Tuesday, March 13, 2012

Views from Inside Syria

Still not sure what the deal is with this Tlass defection story. On the one hand it has "hoax" written all over it, on the other, and like most things to do with Syria, it is just about plausible. I've heard rumours that the regime is still at a total loss about how to deal with this situation, that they are still striking blindly about without any idea how to end all of this.

I was told by a source close to me that soldiers in Idlib are given three magazines a day and told to empty these into the crowds, otherwise they will be shot. The person who told my source is a close friend who is doing his military service in the Idlib area. That person was back in Damascus on leave, and he looked like he had lost much weight. He said that there are sectarian chants by protesters, and that, though he and his friends had once tried to explain that they are Sunni, but they had been attacked by mobs and had to fire back. The situation is very tense over there and he is at his wit's end. Morale is very poor.

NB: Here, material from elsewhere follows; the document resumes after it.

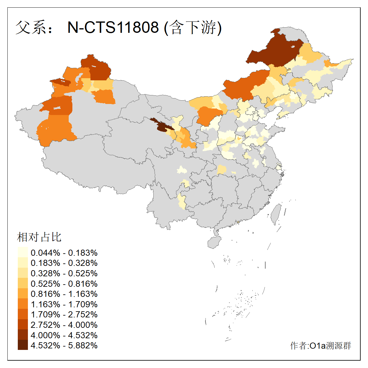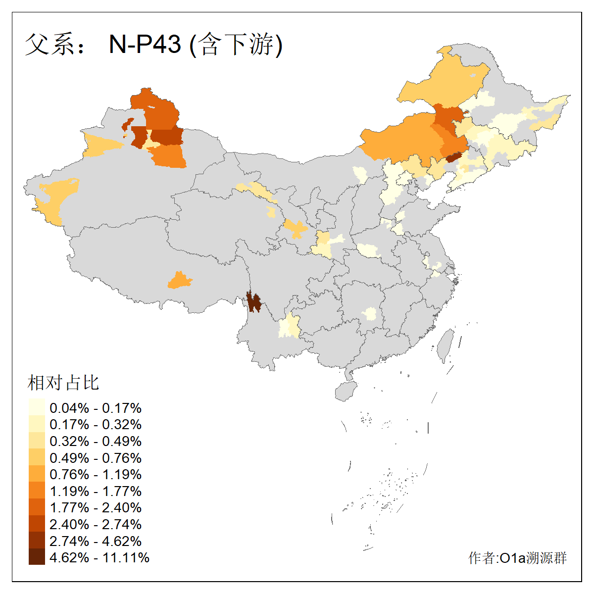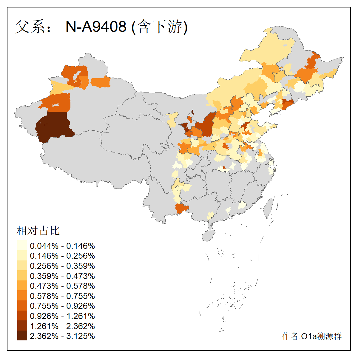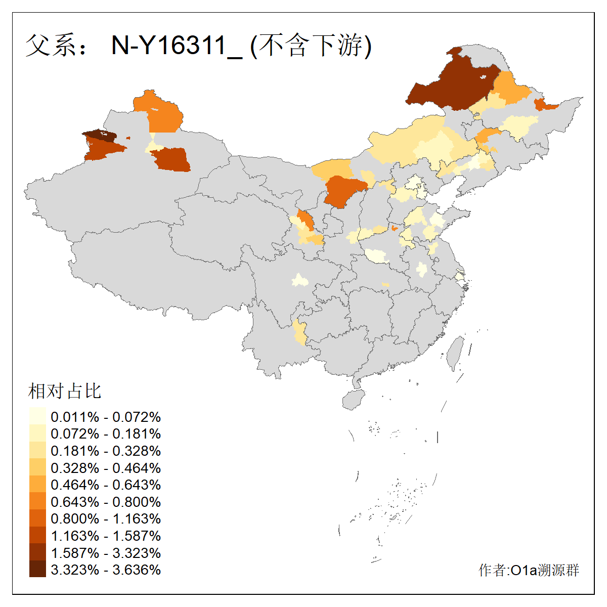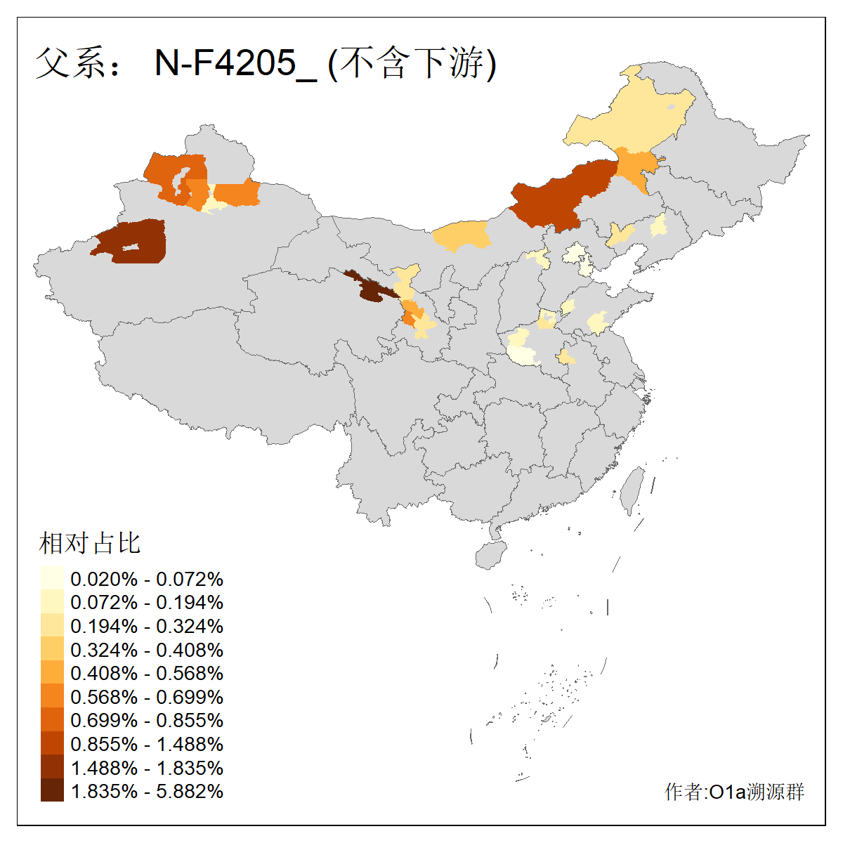 | N-M231_N-CTS833_N-F963_N-F1206_N-F2584_N-M46_N-CTS6128_N-Z1957_N-M2126_N-CTS11808 | 6340 | 0.100% | 201人(含下游) 张:16 刘:13 李:9 杨:8 王:8 白:8 高:7 关:4 赵:4 韩:4 吴:3 许:3 郭:3 陈:3 ![]() | 18人(不含下游) 李:3 党:2 雷:2 何:1 吾:1 张:1 朱:1 杨:1 武:1 王:1 艾:1 薛:1 许:1 阿:1 ![]() |

On another note, the regime seems very keen to let young people leave the country. Many people who had been arrested by the regime for protesting were let through Damascus airport without any problems. It is like the regime wishes young people and to leave, in order to ease the pressure in some areas. Dubai is now said to be like a Damascus neighbourhood. This is all good and well, but it seems to contrast with the behaviour I've been told by another friend who said that on the bus to Jordan passengers are prevented from leaving, or hassled and insulted by the staff - some say these work for intelligence. One friend's aunt was insulted and told to go back to Homs and die there. His sister, a student at Qalamoun, was there when the Assad thugs attacked it and broke into the girl's dorms. She was also initially told that she cannot leave. When she mentioned that her family knows the Akhras family - which is true - she was told "I shit on you and the Akhras family". So from some I hear that the regime is letting people leave, from others it seems the country is turning into a massive prison.

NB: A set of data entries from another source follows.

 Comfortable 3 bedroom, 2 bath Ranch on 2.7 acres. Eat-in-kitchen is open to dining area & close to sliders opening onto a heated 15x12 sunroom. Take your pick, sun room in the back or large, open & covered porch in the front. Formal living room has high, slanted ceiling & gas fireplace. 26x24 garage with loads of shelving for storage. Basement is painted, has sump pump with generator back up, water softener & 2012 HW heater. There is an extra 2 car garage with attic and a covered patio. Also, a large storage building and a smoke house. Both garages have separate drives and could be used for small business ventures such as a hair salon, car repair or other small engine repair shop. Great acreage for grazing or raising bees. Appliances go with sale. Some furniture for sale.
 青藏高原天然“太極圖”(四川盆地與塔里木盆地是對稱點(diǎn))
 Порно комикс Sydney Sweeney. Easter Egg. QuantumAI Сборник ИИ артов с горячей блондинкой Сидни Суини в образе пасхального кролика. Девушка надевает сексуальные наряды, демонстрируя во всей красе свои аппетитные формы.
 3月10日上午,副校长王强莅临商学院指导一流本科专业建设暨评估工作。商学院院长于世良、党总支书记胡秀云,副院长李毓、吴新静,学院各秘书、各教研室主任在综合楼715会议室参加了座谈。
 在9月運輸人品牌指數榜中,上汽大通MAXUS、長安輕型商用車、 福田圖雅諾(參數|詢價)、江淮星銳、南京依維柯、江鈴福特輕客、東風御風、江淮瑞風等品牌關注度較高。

Also been told by a friend, whose family live in the Insha'at area of Homs - a very middle class and respectable neighbourhood - that their home has been destroyed by Assad's forces. He also tells me that families he knows have been robbed by the security services. They enter people's homes and pick the furniture that they want, then have it loaded into vans and taken off.




1 comment:

Anonymous said...

can you provide more details re sectarian chants? what are they and are they being chanted out of anger or has this sectarian beliefs been there before the revolution started?